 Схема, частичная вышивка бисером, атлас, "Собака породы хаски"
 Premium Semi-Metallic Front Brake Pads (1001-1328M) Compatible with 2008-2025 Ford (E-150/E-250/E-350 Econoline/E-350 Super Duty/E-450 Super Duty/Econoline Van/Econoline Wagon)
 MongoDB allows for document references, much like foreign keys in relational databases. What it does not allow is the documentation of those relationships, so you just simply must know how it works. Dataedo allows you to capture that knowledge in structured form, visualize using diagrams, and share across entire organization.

· · · ·

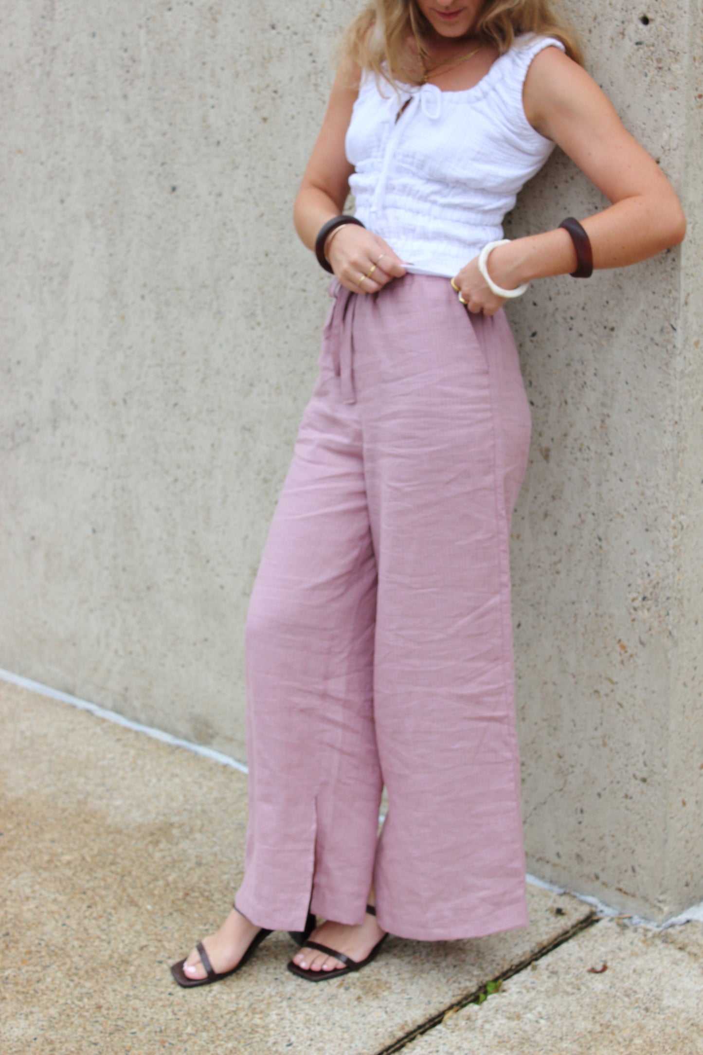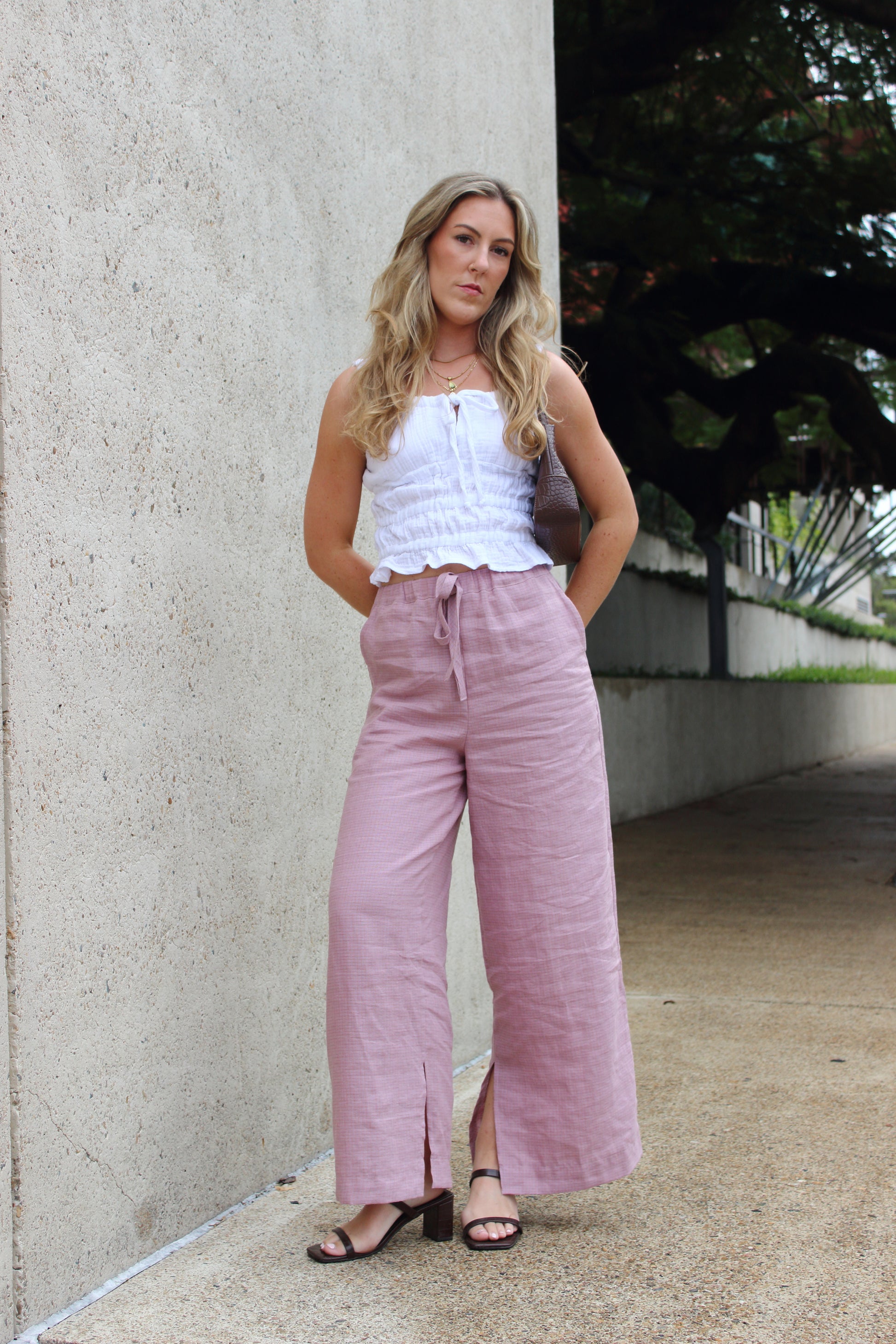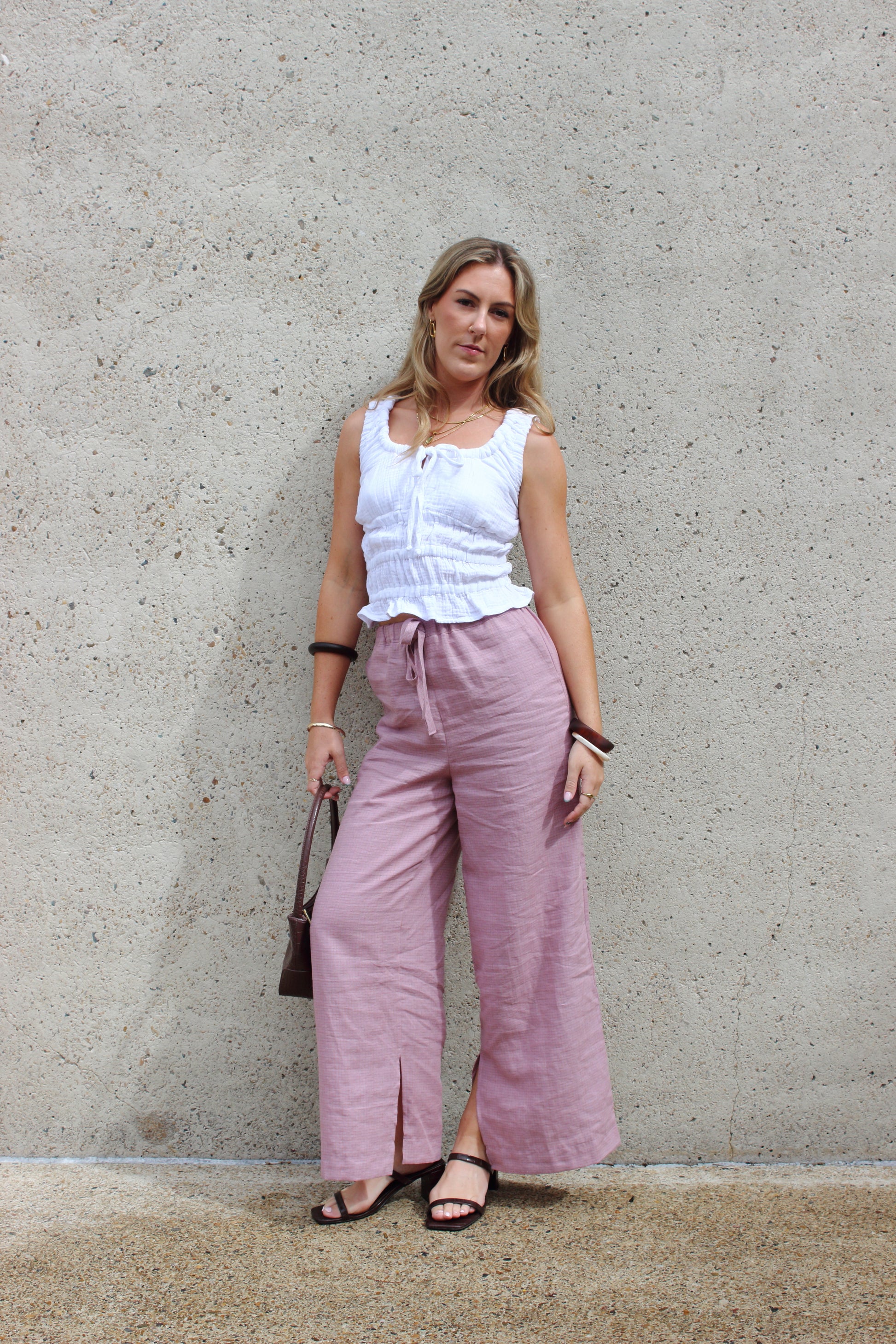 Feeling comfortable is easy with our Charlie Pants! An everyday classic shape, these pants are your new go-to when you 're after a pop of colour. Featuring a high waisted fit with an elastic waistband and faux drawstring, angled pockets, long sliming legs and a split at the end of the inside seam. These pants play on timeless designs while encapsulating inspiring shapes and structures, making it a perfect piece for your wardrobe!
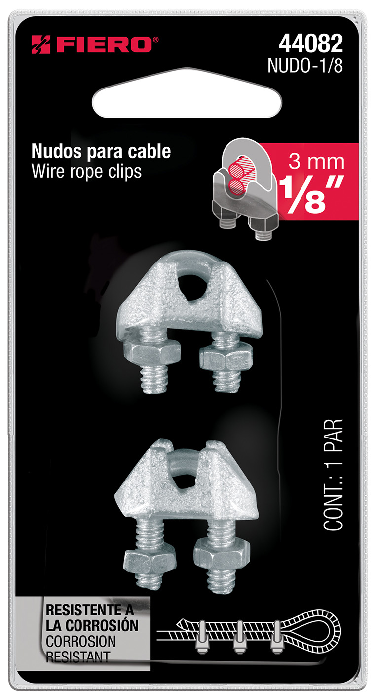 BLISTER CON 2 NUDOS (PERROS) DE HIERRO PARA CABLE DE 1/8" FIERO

· · · ·

### ASSIGNMENT
Take from the material above the lines running from the one with "Схема, частичная вышивка" through the one with "MongoDB allows for", and repeat them exactly, with nothing else.

### EXPECTED ANSWER
 Схема, частичная вышивка бисером, атлас, "Собака породы хаски"
 Premium Semi-Metallic Front Brake Pads (1001-1328M) Compatible with 2008-2025 Ford (E-150/E-250/E-350 Econoline/E-350 Super Duty/E-450 Super Duty/Econoline Van/Econoline Wagon)
 MongoDB allows for document references, much like foreign keys in relational databases. What it does not allow is the documentation of those relationships, so you just simply must know how it works. Dataedo allows you to capture that knowledge in structured form, visualize using diagrams, and share across entire organization.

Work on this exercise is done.